Four ways to guess if Chinese text is happy, from dictionaries to ALBERT
A practical survey of sentiment analysis techniques, from 1990s-style lexicons to BERT-era models, with working code for each.

What it does
This repo implements four distinct approaches to Chinese sentiment analysis: dictionary-based scoring, Naive Bayes, ALBERT+TextCNN, and a variant that learns emoji semantics as unknown tokens. Each gets its own subdirectory with runnable code. The README frames text classification as NLP’s foundational task — everything else is just classification in fancy clothes.
The interesting bit
The emoji-handling variant is the unusual one. Instead of stripping or ignoring emojis, it treats them as unknown tokens and learns their semantic vectors during fine-tuning.

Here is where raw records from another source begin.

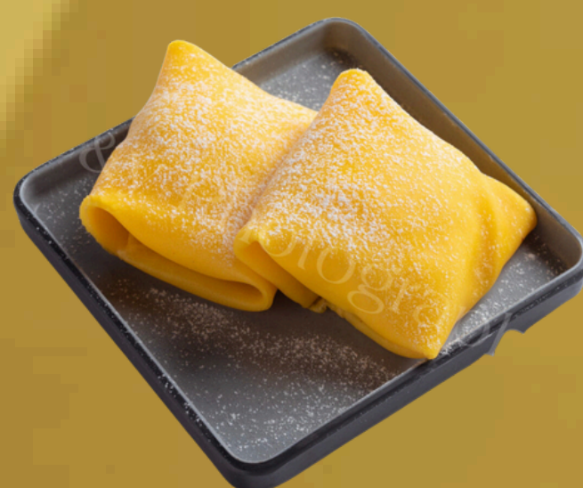
SP 芒果班戟 Mango Pancake (2pcs)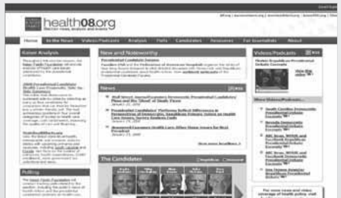
Figure 26. The Kaiser Family Foundation's website, Health08.org, provides resources and information about health policy issues in the 2008 election. (Accessed Jan. 27, 2008.)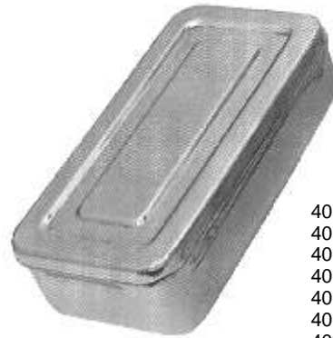
Instruments Box with Hooks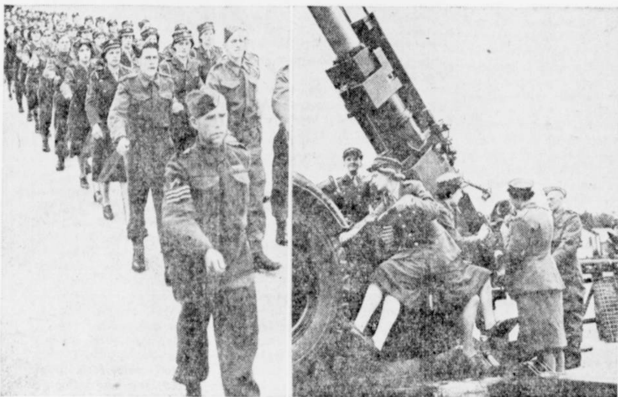
The present World war is an experimental ground for many things that "were never done before." Typical of the never-nevers was the fetish that men and women could not work or fight together in the same regiment. At an artillery practice camp in England these taboos are ousted. Left, we see men and women of the battery parading together, and on the right they are receiving gun instruction together. The test is successful.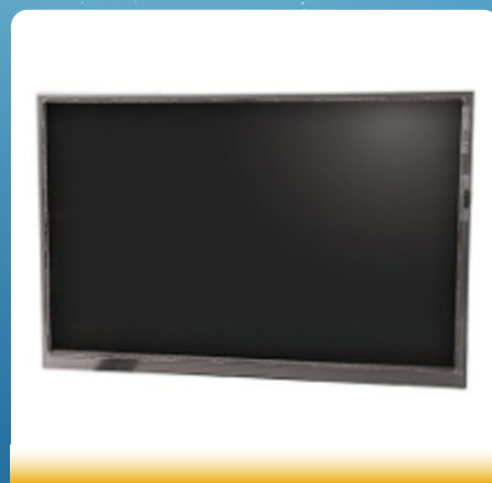
Reconditioned 22" MLD Monitor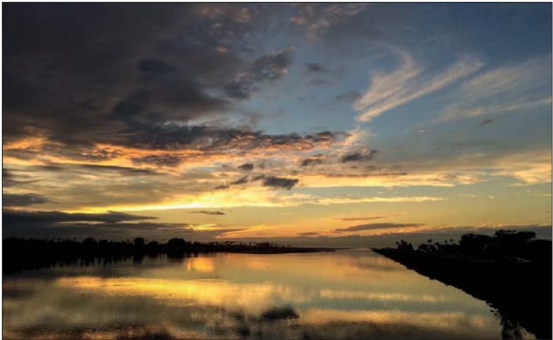
The spectacular autumn sunset reflects in the San Diego River estuary.

According to the Tourism Authority, visitors passing through San Diego spend roughly $11.5 billion every year. That amount of cash might make sense since the city also hosts 35.8 million visitors annually. Jam-packed to the brim with seaside taco shops (and trucks), breweries

The README is vague on whether this actually helps — it just says the goal is “recognizing unknown token emotional semantics” — but the approach itself is a neat acknowledgment that informal text doesn’t cooperate with clean vocabularies.
Key highlights
- Four implementations spanning rule-based, classical ML, and deep learning
- ALBERT+TextCNN, not raw BERT — lighter, faster, good enough for this task
- Emoji-aware variant handles out-of-vocabulary symbols via learned embeddings
- All methods paired with Chinese-language Zhihu articles explaining the code
- Python 3.7.6, TensorFlow-era tooling (no mention of PyTorch or modern versions)
Caveats
- No benchmarks, accuracy numbers, or dataset details anywhere in the README
- “ALBERT+TextCNN” appears twice with nearly identical descriptions; the emoji variant’s actual delta is barely explained
- Dictionary and Bayes methods are stated as working but receive no performance discussion
Verdict
Useful if you need a quick comparative survey of sentiment analysis paradigms with working Chinese examples. Skip if you need production-ready metrics, modern framework support, or anything beyond the README’s hand-wavy claims about effectiveness.